Dalam perang melawan gas mustard, yang jika bersentuhan dengan permukaan kulit atau pakaian, dapat berubah menjadi zat lain yang sama berbahayanya, bahkan masker gas tidak dapat memberikan bantuan yang berarti untuk tetap berada di zona aksi gas mustard; tentara dianjurkan tidak lebih dari 40 menit, setelah itu racun mulai menembus peralatan pelindung.

Terlepas dari kenyataan yang jelas bahwa penggunaan zat beracun apa pun, baik itu etil bromoasenat yang praktis tidak berbahaya, atau zat berbahaya seperti gas mustard, tidak hanya merupakan pelanggaran terhadap hukum perang, tetapi juga hak-hak sipil dan kebebasan, setelah Jerman, Inggris dan Prancis mulai menggunakan senjata kimia dan bahkan Rusia. Yakin akan efisiensi tinggi gas mustard, Inggris dan Prancis dengan cepat memulai produksinya, dan segera skalanya beberapa kali lebih besar daripada produksi Jerman.

Rusia pertama kali mulai memproduksi dan menggunakan senjata kimia sebelum terobosan Brusilov yang direncanakan pada tahun 1916. Di depan pasukan Rusia yang maju, cangkang yang mengandung kloropikrin dan vensinit tersebar, yang memiliki efek menyesakkan dan beracun. Penggunaan bahan kimia memberikan keuntungan nyata bagi tentara Rusia; musuh meninggalkan parit secara massal dan menjadi mangsa empuk artileri.

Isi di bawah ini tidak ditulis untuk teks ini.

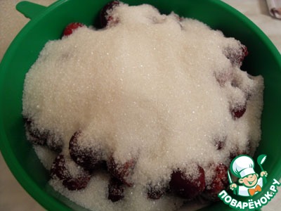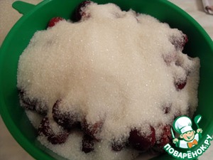 Вишню засыпьте сахаром и дайте образоваться соку, который затем слейте.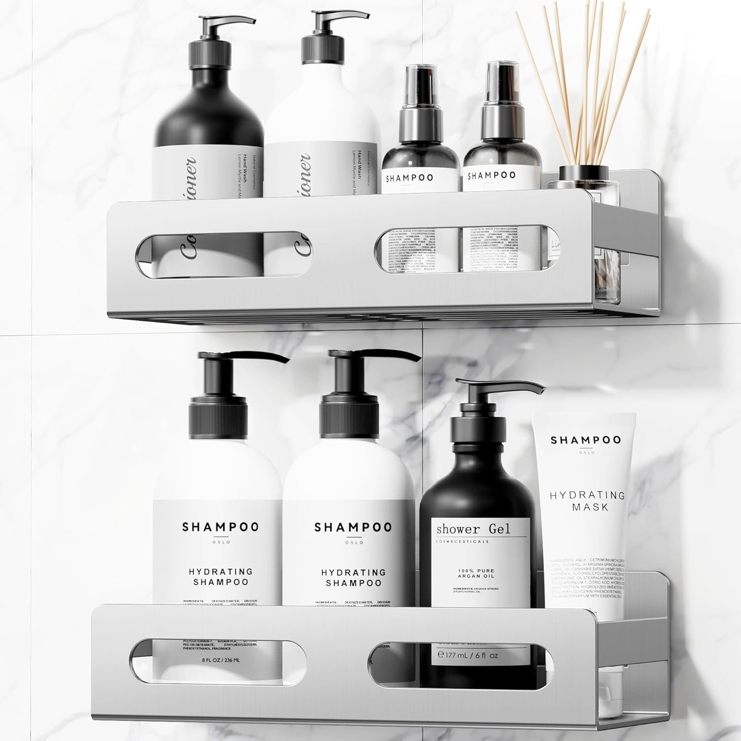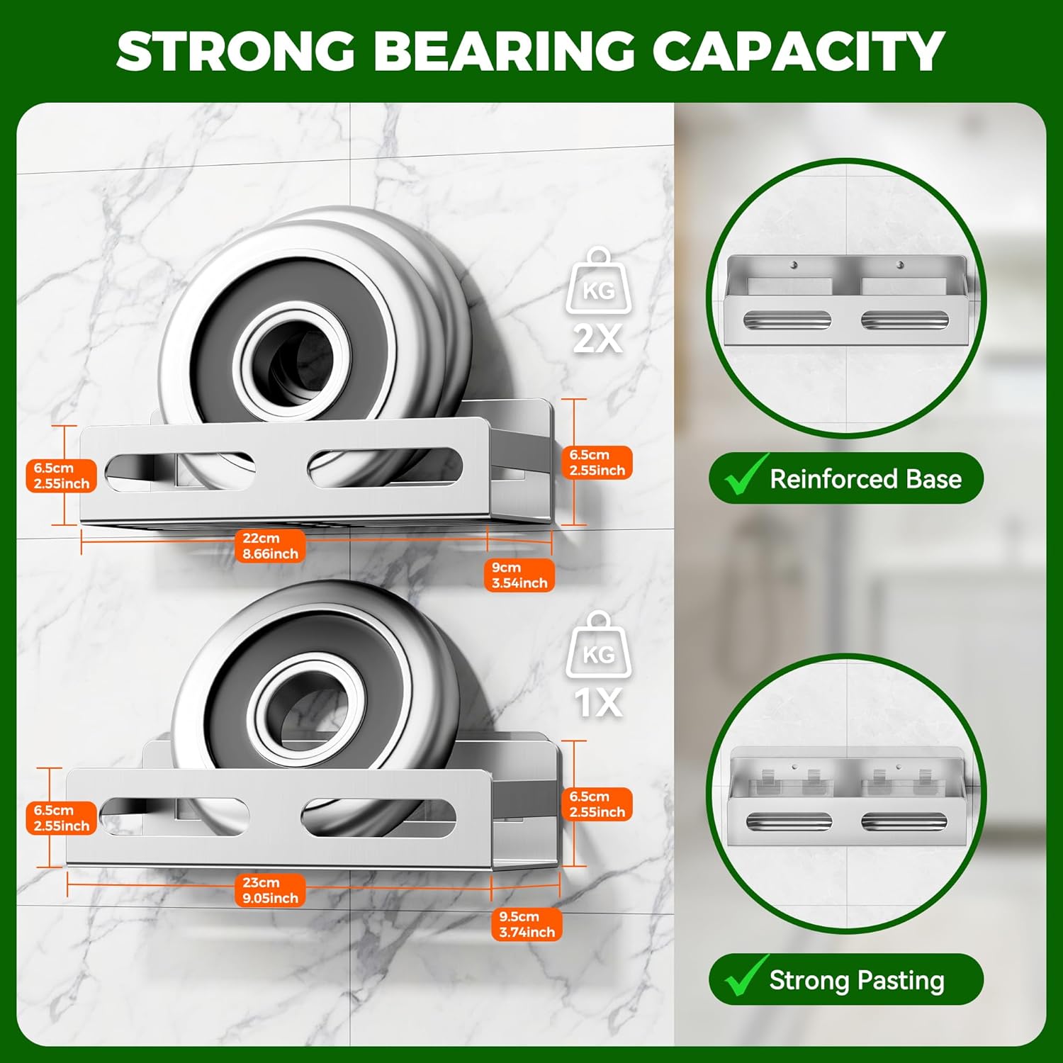- 【Easy to install-simple design】Stainless Steel Shower Caddy are made of innovative transparent nano-traceless strong multi-card adhesive stickers, which are more stable and will not leave traces after tearing off. Remove the protective film and stick it on smooth surfaces such as tiles and glass. It is convenient and fast, and adopts elegant and high-end design concepts and modern streamlined manufacturing processes. While decorating your space,make your environment more fashionable!

Menariknya, setelah Perang Dunia Pertama, penggunaan segala cara yang berdampak kimia pada tubuh manusia tidak hanya dilarang, tetapi juga didakwa oleh Jerman sebagai kejahatan besar terhadap hak asasi manusia, meskipun faktanya hampir semua unsur beracun masuk secara massal. produksi dan sangat efektif digunakan oleh kedua pihak yang bertikai.